Skilled nursing providers who accepted Provider Relief Funds should prepare for widespread audits by later this year.
That caution from legal experts comes as operators are busy reporting how they spent their Phase 2 funds — a process that could itself increase their chances of having Phase 1 submissions audited.
“We’re starting to see a little bit more clearly, with the changes they made in reporting period two, maybe some of the areas of focus or what could be a bigger potential trigger for a potential audit,” Brian Lee, a healthcare attorney and partner at Alston & Bird, told McKnight’s Long-Term Care News.
Providers now documenting their Phase 2 uses are allowed to revise expenses dating back to early 2020. But doing so, even in an attempt to be more accurate, could impact previous expense amounts and eligibility for Phase 1 funding.
“If the auditors are paying close attention, it may raise significant questions about a provider’s ability to retain the PRF payments they received in a prior period,” Lee explained.
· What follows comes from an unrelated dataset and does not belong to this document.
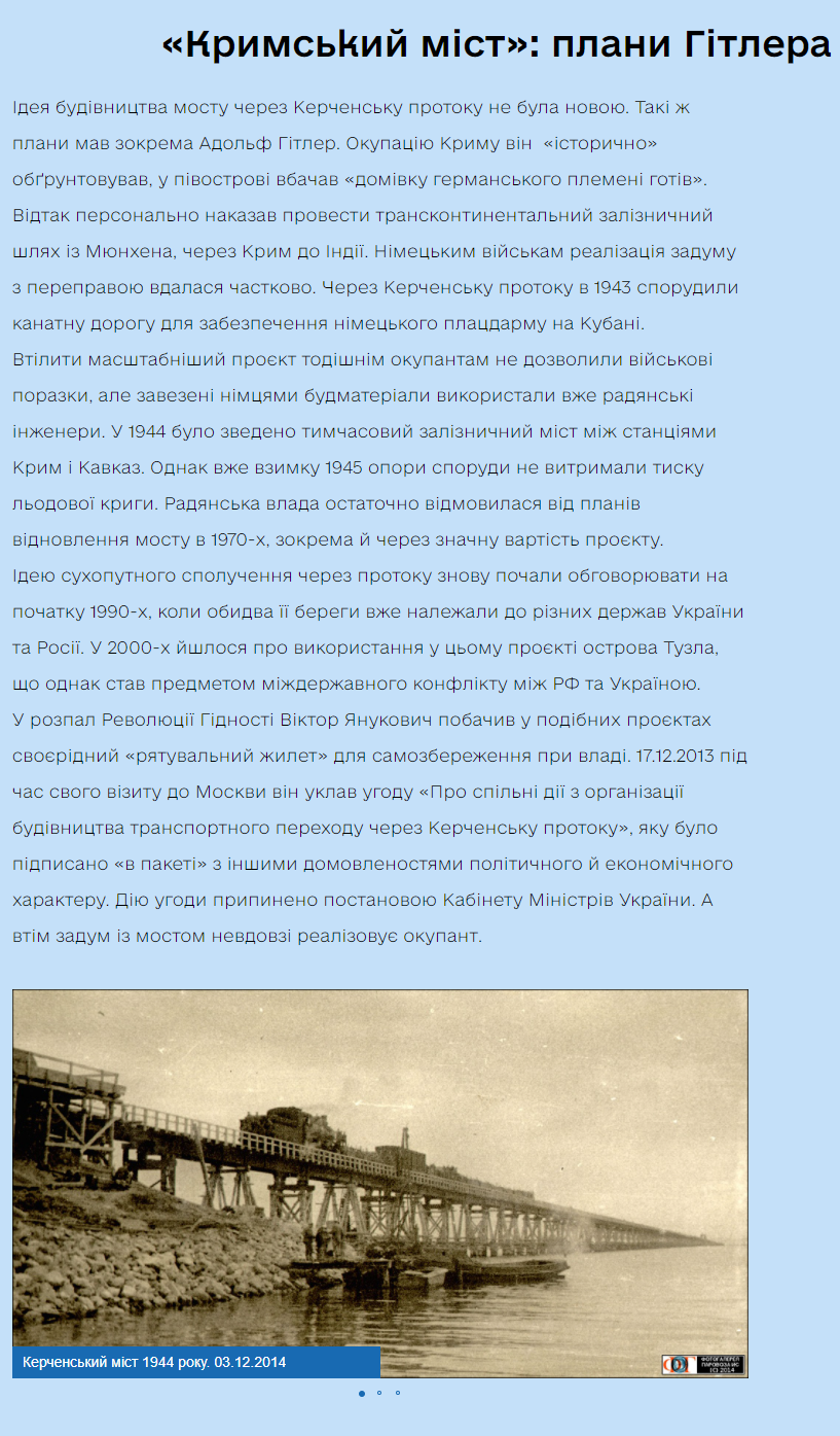 В разгар революции Достоинства Виктор Янукович увидел в подобных проектах своеобразный "спасательный жилет" для самосохранения у власти. 17.12.2013 во время своего визита в Москву он заключил соглашение "О совместных действиях по организации строительства транспортного перехода через Керченский пролив", которое было подписано "в пакете" с другими договоренностями политического и экономического характера. Действие соглашения прекращено постановлением Кабинета Министров Украины. Впрочем замысел с мостом вскоре реализует оккупант", - говорится на сайте.

He predicted that the HHS Health Resources & Services Administration is going to audit “as many (payments) as they can get to” in an established three-year window.
No PRF audit relief
While activity hasn’t ramped up dramatically yet, some observers believe the time is coming. Jon Rawlson, president and founder of Armory Hill Advocates, predicted in December that activity will ramp up in the next 12 months. That’s when he expects federal investigators to close out a backlog of other cases and train their focus on PRF recipients.
“All healthcare providers who received COVID-related funds should prepare to be audited over the next year or so,” Rawlson warned in a 2022 outlook. “HHS has developed a dollar threshold. Those providers who received any COVID-related funds (of $10,000 or more) should be prepared.”
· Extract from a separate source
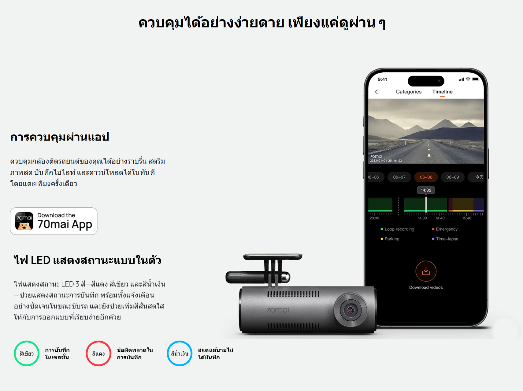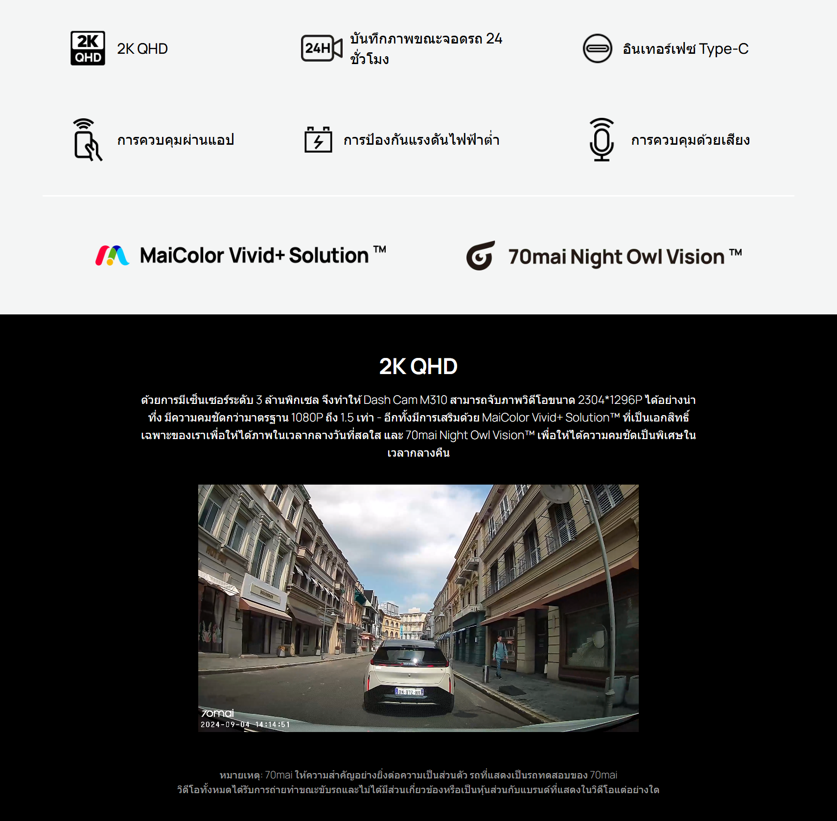 ✅ เชื่อมต่อผ่าน App 70Mai ตัวกล้องรองรับภาษาไทยและภาษาอังกฤษ

The federal government funneled about $14 million in relief funds to nursing home operators prior to last September, when a fourth phase was announced. The last awards were intended to cover lost revenues and increased expenses between July 1, 2020, and March 31, 2021. Those payments were administered in December, with reporting expected to start next January.
High dollar PRF targets
Certain factors are more likely to trigger an audit.
Among them, Lee said, are large dollar awards; transferring targeted distributions to related entities within the same company; and reporting lost revenues according to a “alternative reasonable approach” method.
Many reporters don’t have just one budget or projected budget that covers the entire 18-month reporting period for Phase 1. That may force them to base lost revenue calculations on HRSA’s permitted but less favored alternative method.
“It could increase the likelihood of audit just by virtue of selecting that option,” Lee said.
Still, skilled nursing providers can take steps now to make any future investigations smoother, Lee said.
First, reporting efforts should include internal finance and compliance staff, as well as an outside attorney if an audit happens. Providers also need to take a holistic view of reporting if they received payments in more than one phase.
“They really need to think about the big picture and forecast. What are the revenue losses they expect in future periods? What are the expenses they’re incurring? Continue to document and try to look ahead,” Lee said. “What we’ve found is that providers who try to get through just one period at a time are going to get into trouble unless they incur significant losses in future periods.”
Meanwhile, there’s a glimmer of hope for those who have been hoping HRSA would rethink its phase-by-phase availability and reporting portal.
House Bill 5963 would extend the deadline for using remaining PRF monies and streamline the reporting process. That bill had picked up 20 co-sponsors as of Jan.14.